= Quakers Hill Press =

Small press Australian publishing company

Quakers Hill Press is a small press Australian publishing company created by Peter Day, a former US correspondent for The Australian, in 1990.

Authors published include Geoffrey Partington, David Stove, James Franklin, Roger Sworder, Patrick Morgan and R. J. Stove.

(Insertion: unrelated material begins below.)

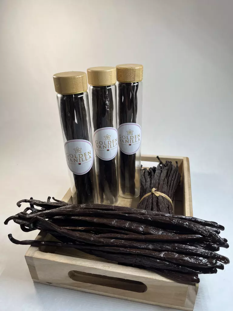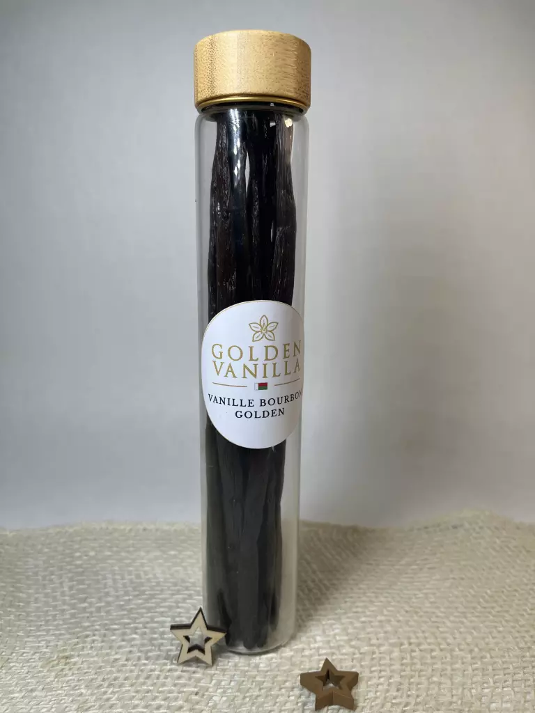 La Vanille Bourbon Golden Vanilla est le joyau de notre collection. Issue des plus belles plantations malgaches, elle se distingue par ses gousses longues, épaisses et parfaitement maturées, sélectionnées une à une selon des critères stricts de qualité.

Especially noteworthy are the events surrounding the June 1996 publication of the QHP book Hasluck Versus Coombs: White Politics and Australia's Aborigines, by Flinders University scholar Geoffrey Partington. The book was launched in the Great Hall of Parliament House in Canberra by John Herron, the then Federal Minister for Aboriginal and Torres Strait Islander Affairs. This generated front-page publicity (see The Australians issue of 17 June 1996) and much controversy. It signalled a renewed interest by the recently elected Howard Government in the then-unpopular assimilationist policies associated with Paul Hasluck, in contrast to the separatist policies of H.C. ('Nugget') Coombs. This was one of the first steps in the reversal of indigenous policy that eventually led to the 'Intervention' of 2007. While the policies advocated by Partington are now more or less commonplace in Australian indigenous policy circles, in 1996 they produced outrage. This included a petition signed by 66 Australian academics, led by Dr Suvendrini Perera of La Trobe University, demanding that the Australian media cease publicising the book. Two printings quickly sold out. The book is still out of print, but may now be downloaded in digital form from the website of the Bennelong Society, including a new Preface by Gary Johns, Special Minister of State and Assistant Minister for Industrial Relations in the Keating Labor Government of 1993–1996.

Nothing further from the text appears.